START Collected material

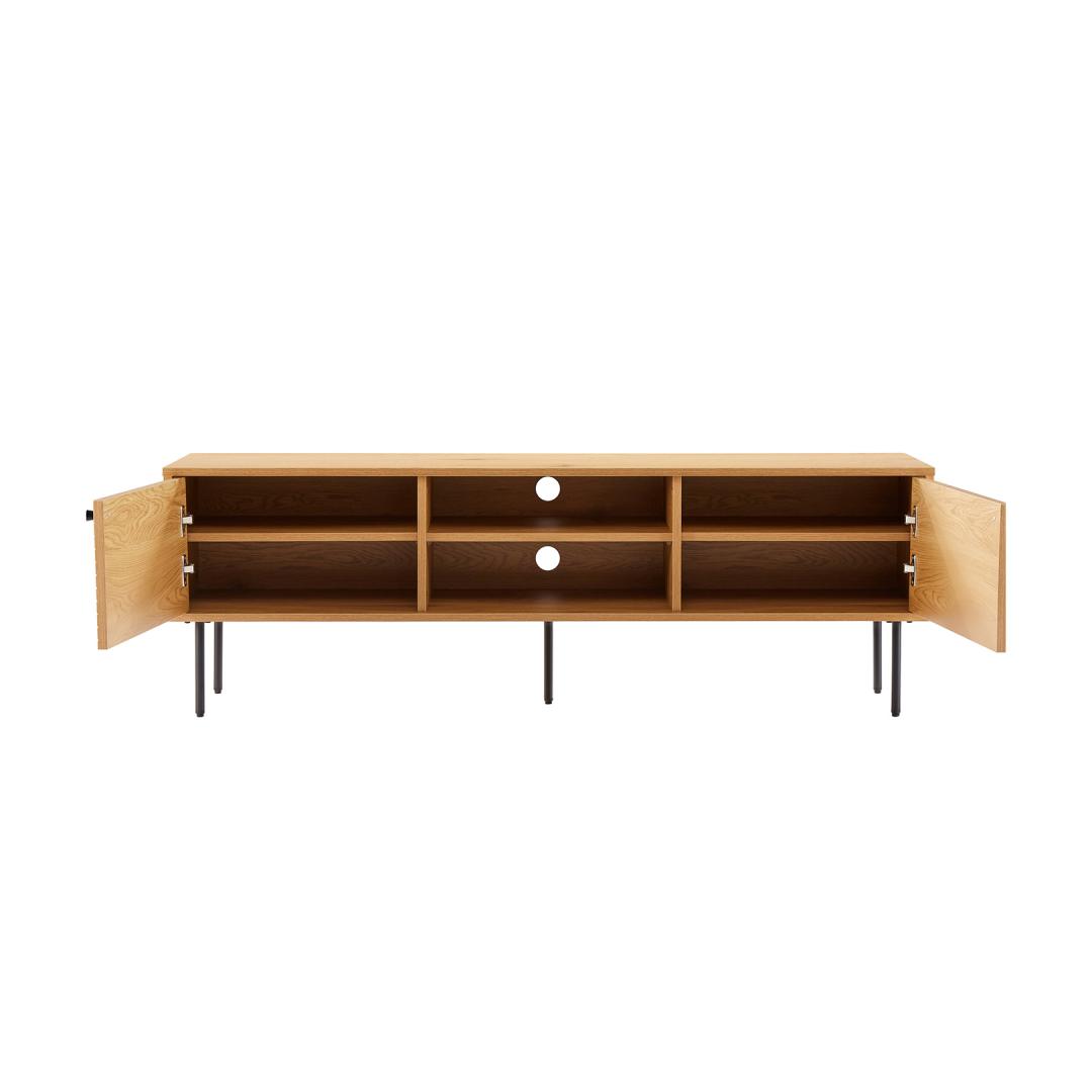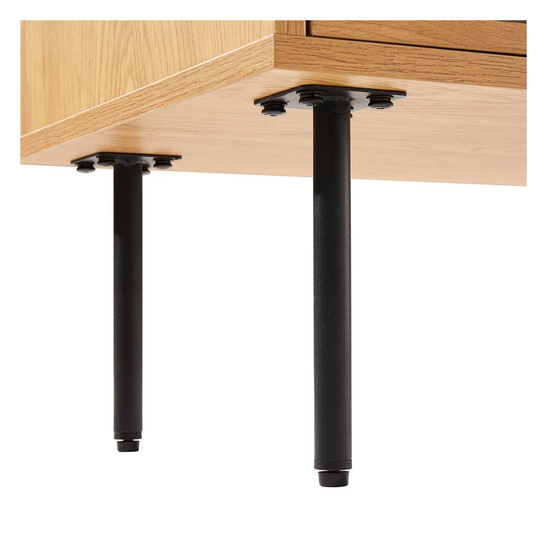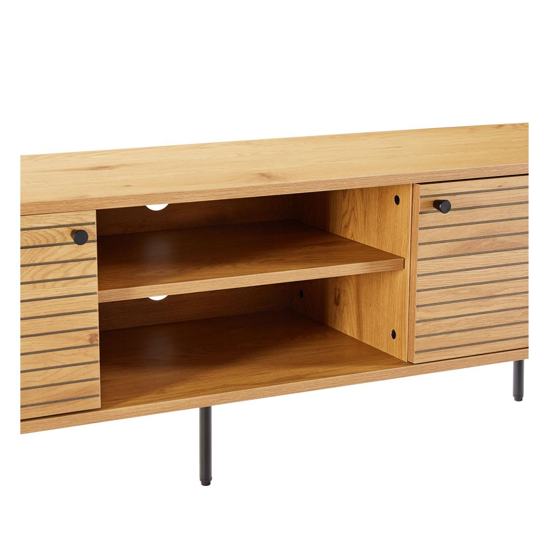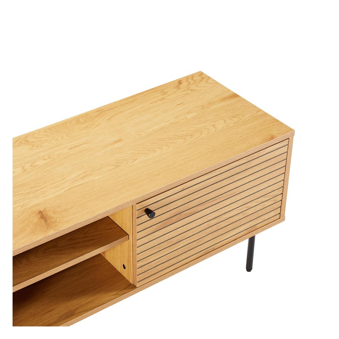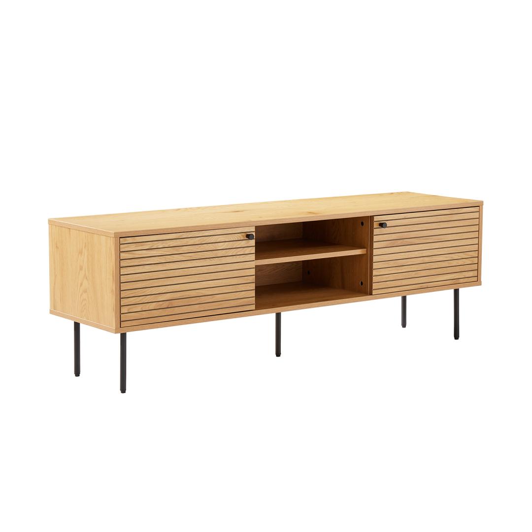 TV table LINE with 2-doors and shelves 150x40xH50cm. The sideboard is made of melamine board with oak bark. The striped door panels with an embossed surface are made of black MDF board, and decorated with narrow oak-colored slats. The metal legs of the sideboard are finished with a black powder coating. TV laud LINE 2-ukse ja riiulitega 150x40xH50cm. TV laud on valmistatud tammedekooriga melamiinplaadist. Efektsed reljeefse pinnaga triibulised uksed on valmistatud mustast MDF plaadist, mida kaunistavad tammevärvi kitsad liistud. TV laua metallist jalad on viimistletud musta pulbervärviga.
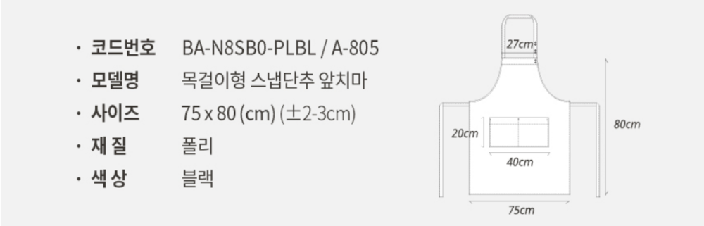 목걸이형 스냅단추 앞치마 | 4 색상
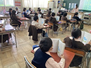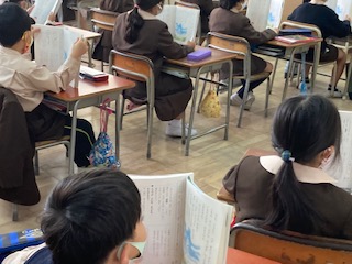 先生の範読を聞いたり、自分たちも音読をしたりしました。明日は、感想を書きます。起立、礼、着席の仕方もさすが2年生です!

END Collected material

■ Problem description ■
The result should be every line of the data, reproduced exactly, with the images removed.

■ Completed task ■
 TV table LINE with 2-doors and shelves 150x40xH50cm. The sideboard is made of melamine board with oak bark. The striped door panels with an embossed surface are made of black MDF board, and decorated with narrow oak-colored slats. The metal legs of the sideboard are finished with a black powder coating. TV laud LINE 2-ukse ja riiulitega 150x40xH50cm. TV laud on valmistatud tammedekooriga melamiinplaadist. Efektsed reljeefse pinnaga triibulised uksed on valmistatud mustast MDF plaadist, mida kaunistavad tammevärvi kitsad liistud. TV laua metallist jalad on viimistletud musta pulbervärviga.
 목걸이형 스냅단추 앞치마 | 4 색상
 先生の範読を聞いたり、自分たちも音読をしたりしました。明日は、感想を書きます。起立、礼、着席の仕方もさすが2年生です!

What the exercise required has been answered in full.